I have users and resources. Each resource is described by a set of features and each user is related to a different set of resources. In my particular case, the resources are web pages, and the features information about the location of the visit, the time of the visit, the number of visit etc, which are tied to a specific user each time.
I want to get a similarity measure between my users regarding those features but I can't find a way to aggregate the resource features together. I've done it with text features, as it is possible to add the documents together and then extract features (say TF-IDF), but I don't know how to proceed with this configuration.
To be as clear as possible, here is what I have:
>>> len(user_features)
13 # that's my number of users
>>> user_features[0].shape
(2374, 17) # 2374 documents for this user, and 17 features
I'm able to get a similarity matrix of the documents using euclidean distances for instance:
>>> euclidean_distance(user_features[0], user_features[0])

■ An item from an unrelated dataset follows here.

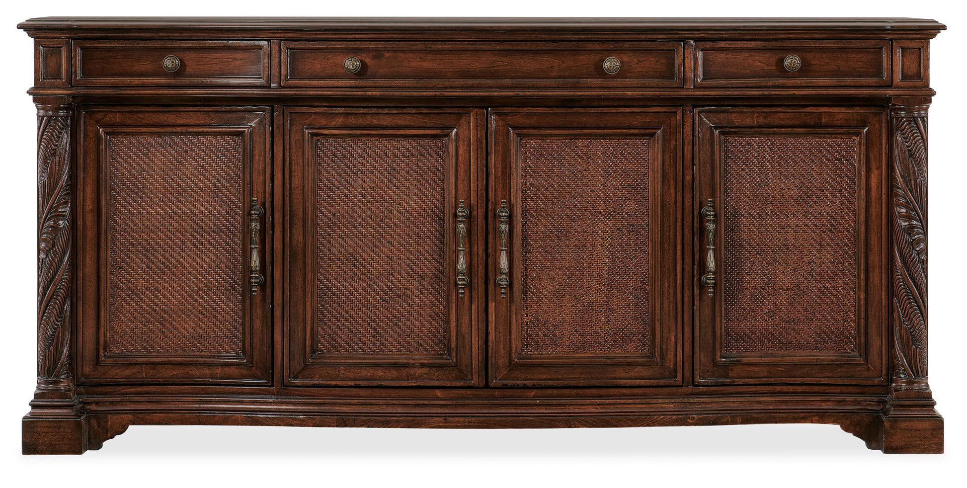 Inspired by the tropical craftsmanship of the West Indies and the woven cane accents of classic British and Dutch Colonial design, the Charleston buffet has four doors with cane fronts and intricately-carved botanical motifs on the end posts. Crafted of Cherry Veneers, Maple Inlay, Resin and Cane with a Solid-Wood Edge Top, it is finished in the vibrant Maraschino Cherry using natural grain Cherry Veneers. Behind the left and right doors and the center doors is one adjustable shelf. The left and right-side drawers are self-closing and have removable felt liners, the center self-closing drawer has a removable felt-lined silverware tray. All drawer interiors have a cherry finish, and the decorative bar pulls and round knobs have an antique bronze-colored finish. Ventilated back panel.

But I don't know how do I compare the users against each other. I should somehow aggregate the features together to end up with a N_Users X N_Features
matrix, but I don't know how.
Any hints on how to proceed?
Some more information about the features I'm using:
The features I have here are not completely fixed. What I've got so far is 13 different features, already aggregated from "views". What I have is standard deviation, mean, etc. for each of the views, in order to have something "flat", to be able to compare them. One of the feature I have is: was the location changed since the last view? And what about one hour ago? Two hours ago?